How do you find the original function given a point (a,b) and the equation of the line tangent to the graph of f(x) at (a,b).
For example:
The point is (4,-11) and 7x-3y=61 is the equation of the line tangent to the graph of f(x)
now you have given even less information than in your last post!
There are many many functions passing through (4,-11) tangent to that line.

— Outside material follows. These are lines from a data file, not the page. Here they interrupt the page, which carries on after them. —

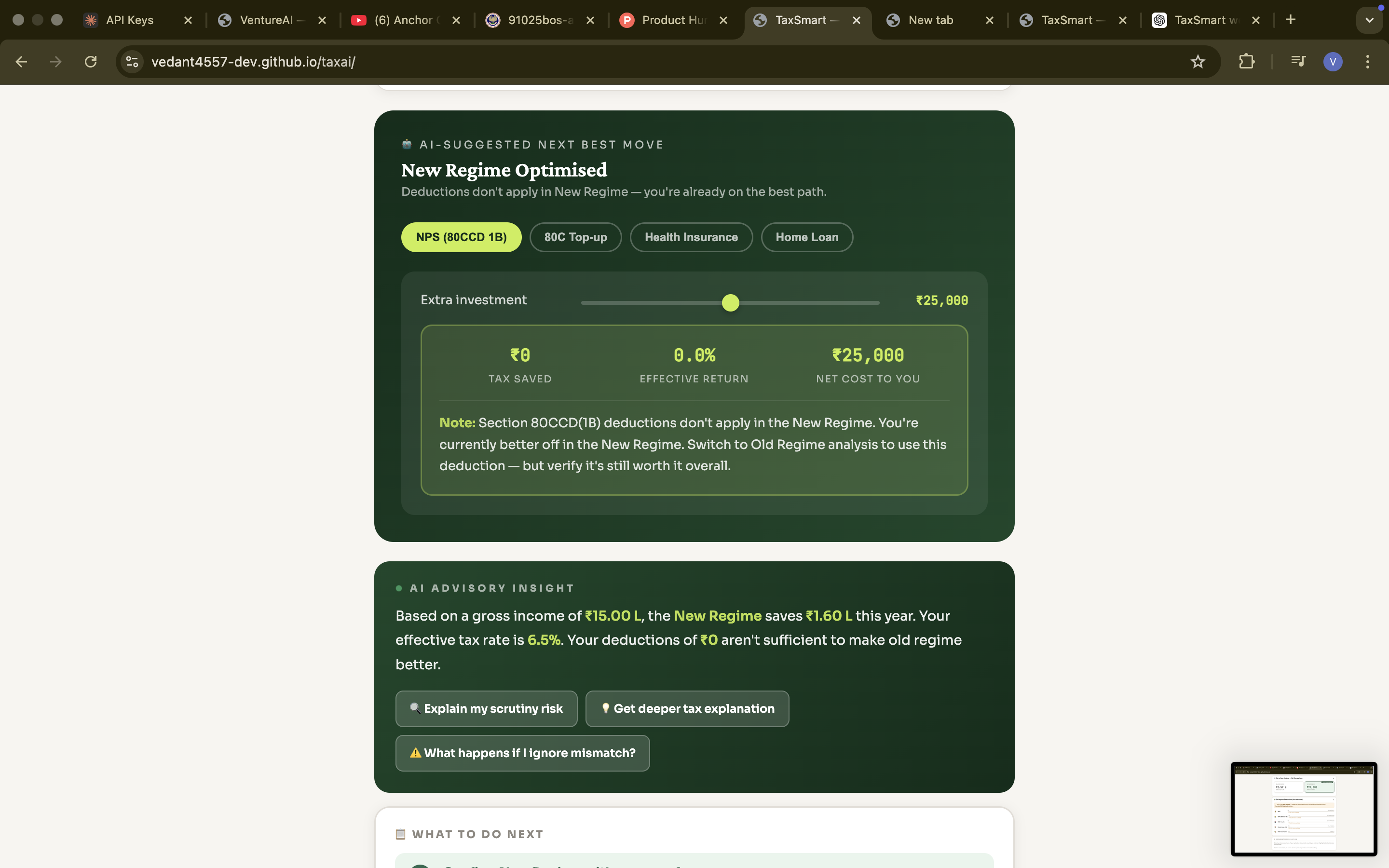 TaxSmart is an AI tool that analyzes Form 16, AIS, and 26AS to simplify Indian tax filing. Upload...
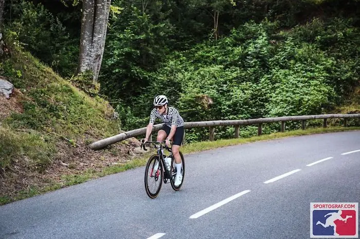 10h40 – Je laisse Mieussy derrière moi, j’ai rendez-vous avec le premier gros morceau de la journée alors que j’ai déjà plus de 90 bornes dans les pattes et 2000 m de dénivelé cumulé. Je m’attaque au Col de la Ramaz qui est un client très sérieux avec ses 14 km de montée à plus de 7%. J’ai fait le choix de partir prudemment et je me tiens à ma zone cible de puissance. Il est évident que les watts baissent un peu par rapport aux premières montées, mais ça reste raisonnable et surtout je reste en Z3 sans trop souffrir. Je commence à voir de nombreux mecs arrêtés sur le bord de la route, à pied, allongés voire carrément en train de se vider en raison de la chaleur et surement du rythme trop soutenu des premières heures. C’est à mon tour de doubler du monde et je reprends des gars par paquet de 30. Le col de la Ramaz se grimpe très bien jusqu’à un passage très difficile que nous appellerons tous « le passage des tunnels » qui mène à la station de Sommand. Je sens que les jambes se font plus raides et il est temps que la montée se termine. La sortie des tunnels permettra d’apprécier les quelques kilomètres menant au sommet et il faut l’avouer, les paysages tout au long du parcours sont littéralement à couper le souffle. J’en finis avec La Ramaz, je fais un arrêt ravito et je me lance dans la descente en direction de l’épouvantail du parcours. Le Col de Joux Plane. Je fais toujours bien attention dans les descentes, je ne voudrais pas me mettre au tas par excès de confiance. Dans la descente j’aperçois un panneau qui indique Morzine par les Gets. Ils seront nombreux à emprunter ce raccourci pour éviter le Col de Joux Plane, les pauvres ne savent pas que la remontée par les Gets est loin d’être évidente. Je me mets bien à l’abri au sein d’un groupe pour rejoindre Samoens et traverser la seule vallée de tout le parcours. Guillaume, mon coach, m’avait prédit une arrivée au pied de Joux Plane en 6h00 environ, j’y suis en un peu plus de 5h15. Intérieurement je jubile.
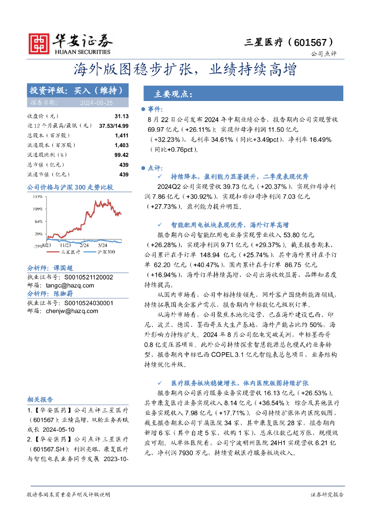 华安证券:三星医疗(601567)-海外版图稳步扩张,业绩持续高增.pdf

The simplest is, of course,
f(x) = (7x-61)/3
Even the next simplest one could be a parabola opening either up or down, and there are lots of those.
Or, it could be an exponential function, or a logarithmic function, or a sine/cosine.
I'm sure there is something you have still left out.
Actually, I'm looking for f(a) and f'(a), so i know I can just plug in the x value for f(a) which f(4) would equal -11, but how do i find the derivative in this case?
To find the original function f(x) given a point (a,b) and the equation of the tangent line, you need to follow these steps:
Step 1: Find the slope of the tangent line.
- Rewrite the equation of the line in slope-intercept form (y = mx + c), where m represents the slope.
- In this case, you have 7x - 3y = 61. Rewrite it as -3y = -7x + 61, then divide throughout by -3 to get y = (7/3)x - 61/3.
- Therefore, the slope of the tangent line is 7/3.
Step 2: Use the point-slope form to write the equation of the tangent line.
- The point-slope form is given by y - y1 = m(x - x1), where (x1, y1) is a point on the line and m is the slope.
- Since the given point on the tangent line is (4, -11) and the slope is 7/3, substitute these values in the equation to find the equation of the tangent line.
Step 3: Differentiate the equation of the tangent line to find the derivative of f(x) at the point (a,b).
- Since the tangent line is an approximation of the graph of f(x) at the point (a,b), the derivative of f(x) at (a,b) will be the same as the slope of the tangent line.
- Therefore, differentiate the equation of the tangent line y = (7/3)x - 61/3 to find the derivative of f(x) at (a,b).
Step 4: Integrate the derivative of f(x) obtained in step 3 to find f(x).
- The derivative of f(x) represents the rate of change of f(x) at any point, and integrating it will give you the original function f(x).
- Depending on the expression obtained as the derivative in step 3, integrate it to find f(x).
Note: If you have specific values for a,b, and the equation of the tangent line, you can follow these steps to determine the original function.